On Telework Fence? Tools to Push You Off

The debate over the pros and cons of telework was once again making news following a recently released article in the journal Psychological Science in the Public Interest titled How Effective Is Telecommuting? Assessing the Status of Our Scientific Findings.

telework copy 2It’s a great overview offering an analysis of the benefits and the drawbacks. But, the bottom line is telework needs to be done properly to address a host of pressing problems many employers face in today’s workplace. That means configuring your telework options to match your organization’s strategic goals, tactical resources and culture.

Are long commutes getting your employees down while real estate costs just keep going up? Trying to cultivate a global market with a local workforce? Frustrated by finding the perfect new employee in the wrong location? You are not alone. Many organizations are confronting these challenges through telework to thrive despite changes to the product, job and real estate markets.

Telework is an opportunity to transcend the limits of real estate and commuting times and gain greater control over how, where and when work gets done. Even though ever more organizations are using some form of telework, many managers and employees still have questions about how to make the most of this opportunity. Below are ten essential tips for managers and employees from our free guide to telework best practices to make telework work.
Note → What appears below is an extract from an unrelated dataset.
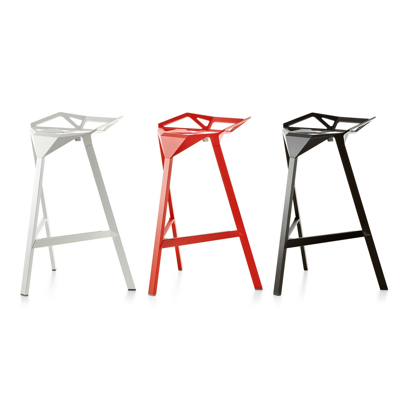 Stool One er designet av Konstantin Gricic i 2006 – Inspirasjonen til Gricic er hentet fra amerikanske stealth jagerfly og gir de luftige stolene er maskulint og tøft uttrykk. Åpenheten i materialet gir stolen en utrolig letthet som gjør at serien kan integreres i de fleste moderne miljøer. Barstolene er også stablebare.

Tips for Managers of Teleworkers

  1. Address your feelings about telework. Are you excited by a more mobile and flexible workforce or worried people will take advantage of you and your organization? It is OK to be wary of telework, especially if it is new or you’ve had a bad experience in the past. Use that wariness to make it better, ask hard questions and work out details. Everyone’s experience will be better for it.
  2. Evaluate outcomes, not methods. Don’t fall into the trap of judging whether an employee works the right way (usually the way same way you like to work) rather than what they accomplish. If you need to personally observe employees to have confidence in their performance, reconsider whether they should be on your team at all. Identify or establish ways to determine if a teleworker is making adequate progress on assignments without surprise visits to their cubicle (e.g., weekly update calls or emails). This frees both you and your staff from the limits of a single workplace and reduces distractions throughout your workdays.
  3. Use the right communication tools. Email, instant messenger, phone, video conferencing and occasional onsite visits are all ways to stay in touch with remote employees. Each of these methods varies in terms of how much they convey about tone and interactivity. The more sensitive or complex the topic of conversation, the more essential it is to use richer methods of communication. For example, email regular request for a standard report, but starting brand new product line should be discussed in person.
  4. Set expectations early for the entire team. Telework is about more than just being in a different place or using technology. It includes communication and cooperation throughout the team. Everyone who works together needs to feel comfortable with the communication technology and be kept apprised of each other’s schedules. Set expectations for how quickly people should respond to emails and whether teleworkers need to inform you when they are at their computers or are unavailable during the workday (e.g., at lunch or on a client call).
  5. Maintain contact. The most essential aspect of managing a teleworker is to stay in touch despite the distance. This includes calls when you need something in the moment, regular check-ins even when there is nothing pressing, and general social contact to build trust and collaborative relationships. If you are having a meeting where a teleworker can meet new people (leaders that might advance their career, other teleworkers or valued teammates), invite them to that event even if their physical presence isn’t necessary.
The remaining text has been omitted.